[net-next] ipv6: fix routing cache overflow for raw sockets

* [net-next] ipv6: fix routing cache overflow for raw sockets
@ 2022-12-18 23:48 Jon Maxwell
  2022-12-20 12:35 ` Paolo Abeni
  0 siblings, 1 reply; 18+ messages in thread
From: Jon Maxwell @ 2022-12-18 23:48 UTC (permalink / raw)
  To: davem
  Cc: edumazet, kuba, pabeni, yoshfuji, dsahern, netdev, linux-kernel,
	Jon Maxwell

Sending Ipv6 packets in a loop via a raw socket triggers an issue where a 
route is cloned by ip6_rt_cache_alloc() for each packet sent.
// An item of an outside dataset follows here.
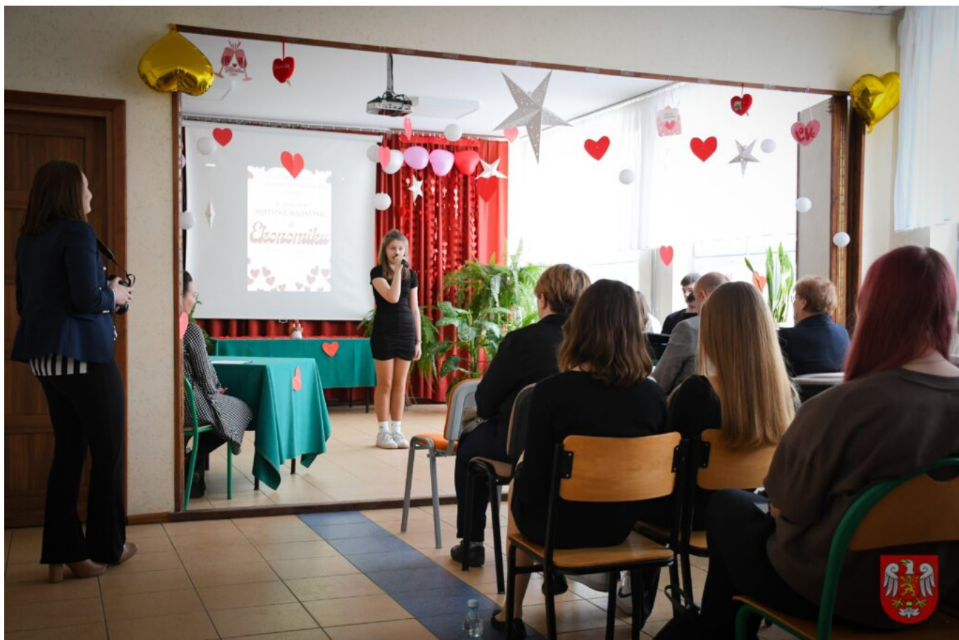
Bez tytułu (A4 (orientacja pozioma)) – 7

This quickly 
consumes the Ipv6 max_size threshold which defaults to 4096 resulting in 
these warnings:

[1]   99.187805] dst_alloc: 7728 callbacks suppressed
[2] Route cache is full: consider increasing sysctl net.ipv6.route.max_size.
.
.
[300] Route cache is full: consider increasing sysctl net.ipv6.route.max_size.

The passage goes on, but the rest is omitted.